My mother died just over 5 months ago. My transgendered feelings have become much more intense since then. I belong to a forum and someone on there posted to me that sometimes we keep secrets for other people and I think that is the case with me. The only people that I was really worried about finding out about my gender were my mother and my aunt, who died a month ago. I realize now how I have isolated myself. My mother was my only social contact outside of my home. We talked at least a couple times a day. Now I would really like to reach out but I have no idea how.
When I started to try to be a girl in my late teens I developed a fear of the queer community. The last thing that I wanted to do was meet someone like me who was happy and well adjusted. I feel kind of bad about that because a friend of mine reached out to me to go with him to a group for young GBLTs and I just couldn't bring myself to do it. He was pretty messed up and ended up much worse over time. Now I want to reach out and I have no idea how to do it, or how I might be accepted. I have one friend and I'm afraid to come out to that person because I don't know how discrete she would be and we work together.
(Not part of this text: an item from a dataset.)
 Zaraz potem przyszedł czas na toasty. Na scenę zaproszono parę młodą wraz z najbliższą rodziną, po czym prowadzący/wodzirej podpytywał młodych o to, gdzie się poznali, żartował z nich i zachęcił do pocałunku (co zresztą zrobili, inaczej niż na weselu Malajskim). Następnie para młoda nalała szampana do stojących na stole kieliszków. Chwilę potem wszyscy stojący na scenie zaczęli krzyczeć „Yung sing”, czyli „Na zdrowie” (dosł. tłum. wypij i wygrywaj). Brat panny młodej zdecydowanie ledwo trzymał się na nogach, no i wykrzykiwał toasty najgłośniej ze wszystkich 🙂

Also some of the people I have come out to in the past have worked really hard to put me back the way I was, or flat out have not believed me.
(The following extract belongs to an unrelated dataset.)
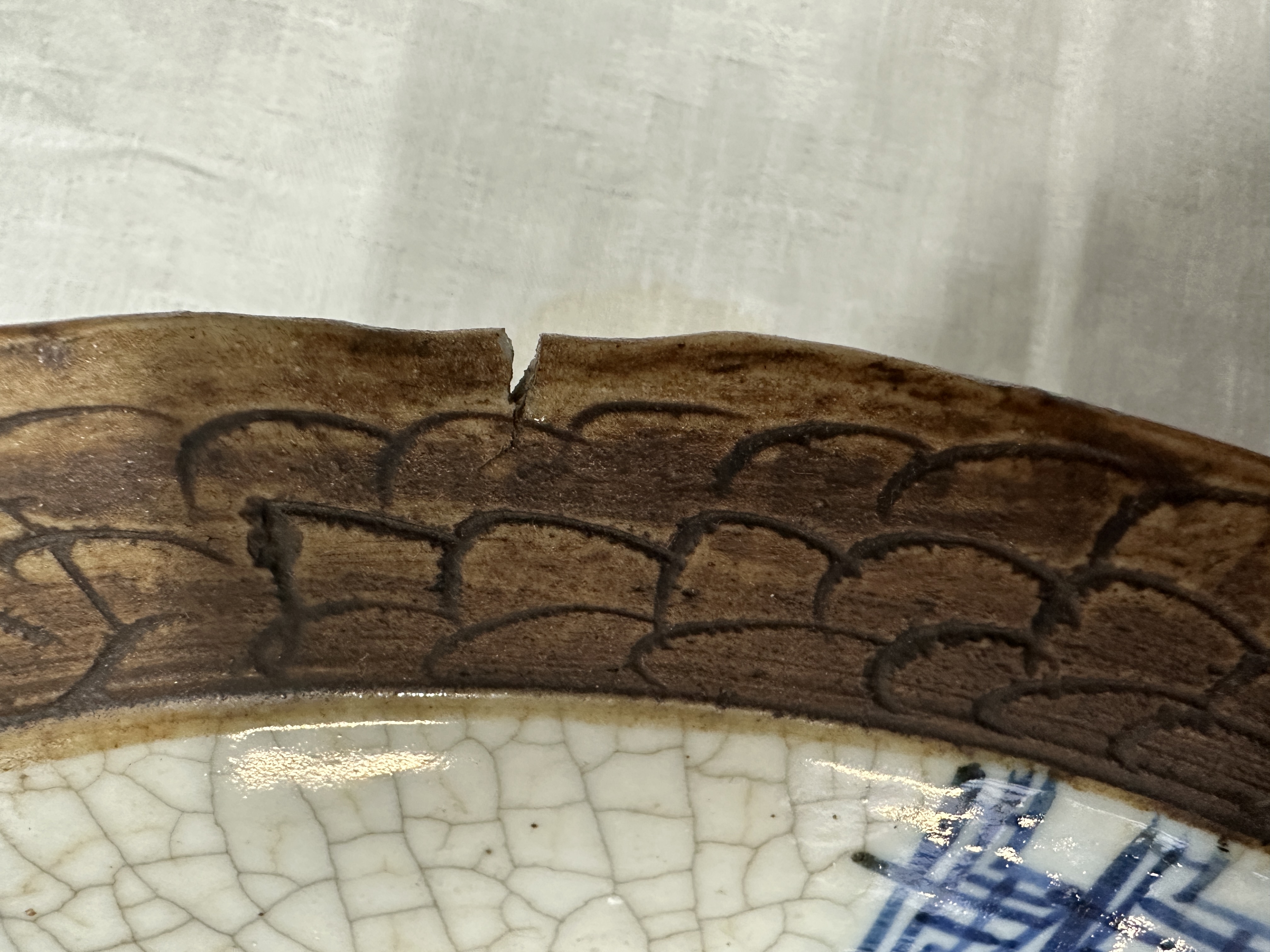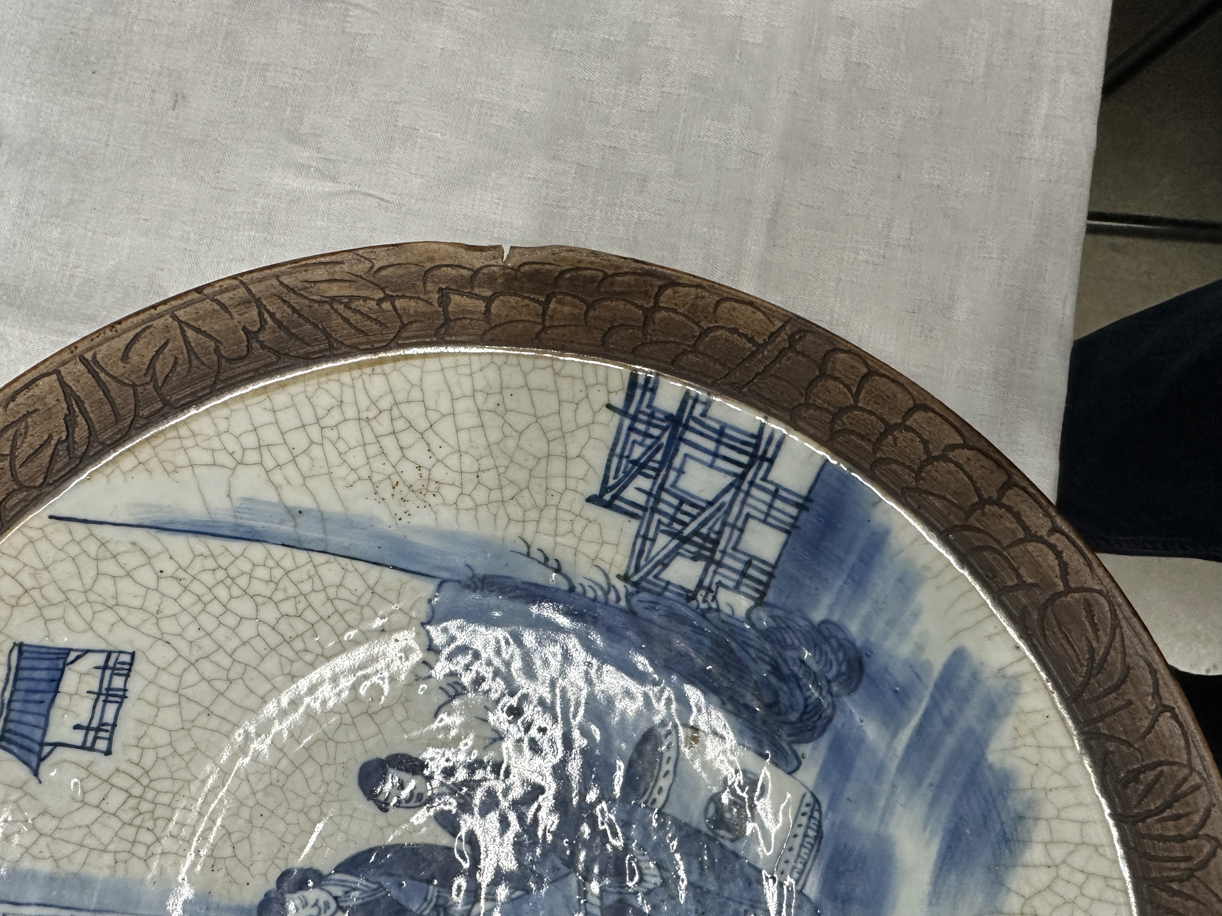 Een porseleinen Nanking schotel met figuren in het decor, gemerkt. Kleine inkerving aan de rechterkant.

My isolation has lead to frustration. I really want to have friends who I am out to and accept me, but I don't know how to reach out. Funny, I was thinking today that the way I am feeling now, the bursting frustration, is the same was I felt leading up to coming out to my mom. I don't want to make the wrong move, I don't want to come out to the wrong person and make trouble for myself or my family or ruin a friendship. Unfortunately, my frustration has leaked out into my job satisfaction and my parenting. I don't know what to do. I asked a social worker for help but she got nowhere. Someone mentioned a group in Ontario that I might contact. It is very far away but I have to do something. I could cause myself considerable damage in my present state.